A gastroenterologist uses a procedure known as a proctoscopy, also known as rigid sigmoidoscopy to examine the anus and rectum. A “rigid sigmoidoscope” or “proctoscope” is necessary for this procedure. This equipment is often made of metal or plastic and has a large, hollow barrel which is put into the anus (inner layer of the intestine) for direct access to the mucosa; A light source is also attached to the proctoscope’s tip.

What is the purpose of Proctoscopy?

Your doctor may need to examine for rectum or anus disorders, abnormal barium enema results, or seek reasons for rectal bleeding before proceeding. Proctoscopy can also track polyps (a benign growth on the gut lining) and rectal cancer, which can also help screen for a return of the disease.

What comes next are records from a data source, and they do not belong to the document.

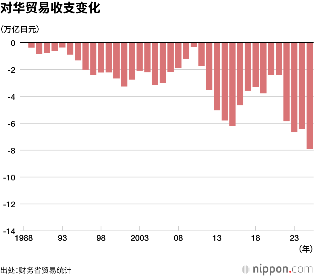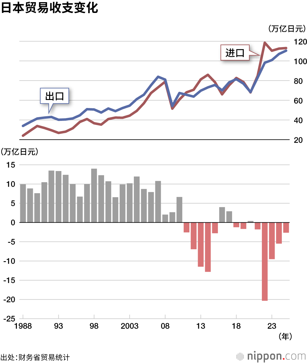 日本2025年贸易逆差(出口减去进口的差额)2.6507万亿日元。虽然连续五年出现贸易逆差,但其规模降低了52.9%。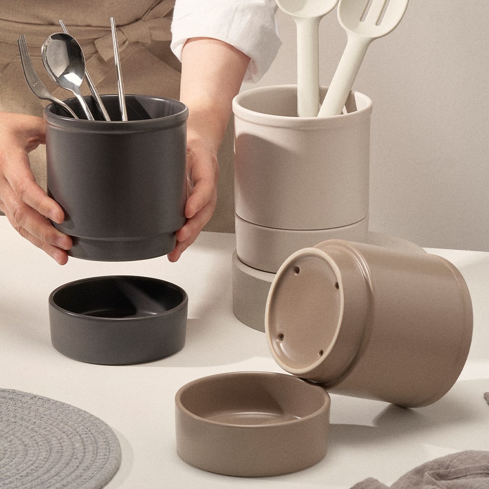 [RIZPICK]수저 꽃이 받침 도자기 대 키친프리 보관함 수저통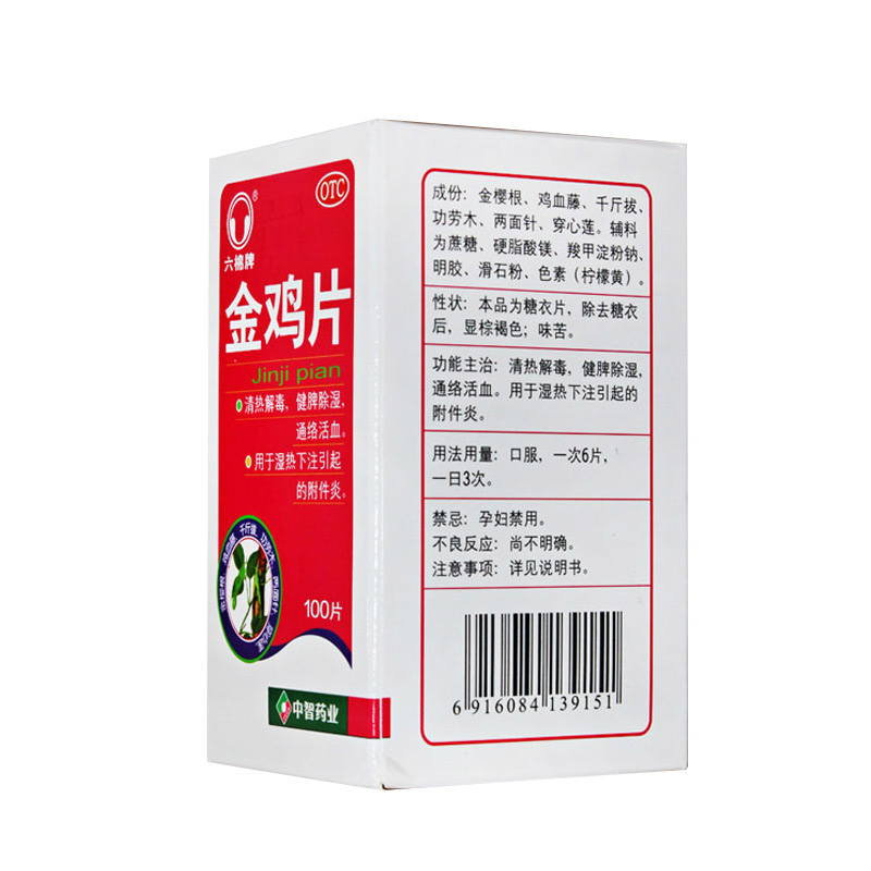 金鸡片 0.247g*100片 湿热下注引起的附件炎 健脾除湿 通络活血

You may have a proctoscopy for the following reasons:

  • diagnose a rectum or anus condition, such as cancer
  • find out why the rectum is bleeding
  • determine if a patient has haemorrhoids
  • do a biopsy
  • Remove any abnormal growths, such as polyps, from the body
  • follow up with patients who have undergone surgery or other treatment for recurrent rectal cancer

Preparation Steps for Proctoscopy

Tell your doctor about any drugs you currently take at least a week before your surgery. Include every:

  • Prescription medication
  • medication sold over the counter
  • supplementation with natural ingredients and vitamins

Your surgeon or doctor will provide Proctoscopy preparation instructions. A clean rectum is needed during Proctoscopy and you may be instructed to cease eating 24 hours before treatments and get on a liquid-only diet. Some doctors may prescribe laxatives and others may ask you to use an enema before your appointment. If you are using blood thinners, you may need to cease taking some or all of them a few days before your test. Make sure you follow your doctor’s advice.

If you’re going to get tested, it’s a good idea to eliminate any waste from your rectum.

Taking a laxative or an enema the day before a treatment to cleanse your bowels is standard protocol. This procedure employs salt water to clean out the waste in your colon. You’ll receive specific instructions on how to do this from your doctor.

Proctoscopy preparation instructions will be given to you by your doctor or surgeon. Proctoscopy requires a clear rectum to allow for good inspection and visibility.

You may be instructed to cease eating for up to 24 hours prior to your treatment and instead consume just liquids. To relieve constipation, your doctor may prescribe laxatives. Some practitioners may require you to perform an enema before your session to clear your rectum.

Proctoscopy Procedure

An outpatient clinic or a hospital can perform a proctoscopy. Anaesthesia is not required unless you choose a more relaxing experience. Your knees should be bent when you lay on your side.

Your doctor will place their lubricated, gloved finger inside your anus as a starting point. In medical terms, this is named a digital evaluation. It is done to see if there are any obstructions or uncomfortable spots. 

The proctoscope will then be inserted into your anus by the doctor. During a proctoscopy, your doctor will be able to see more clearly inside your colon due to the air compressed in your colon.

During the operation, the doctor may remove a sample of tissue. A biopsy is a medical term for this procedure. Proctoscopes and small equipment are used for this procedure.

During this test, you may experience cramps, fullness, and a need to urinate. This technique shouldn’t cause any discomfort at all! It takes about 10 minutes to complete the test. When the proctoscope is no longer in use, the doctor will remove it. Then your doctor may permit you to leave the hospital.


Proctoscopy is somehow uncomfortable but sometimes requires a diagnostic tool for identifying issues with the anus and ileum. Inquire with your doctor about the drawbacks and benefits of this technique. If you need this test, you should get it. A few minutes of modest discomfort can pay off in the long run, especially when diagnosing and treating certain illnesses.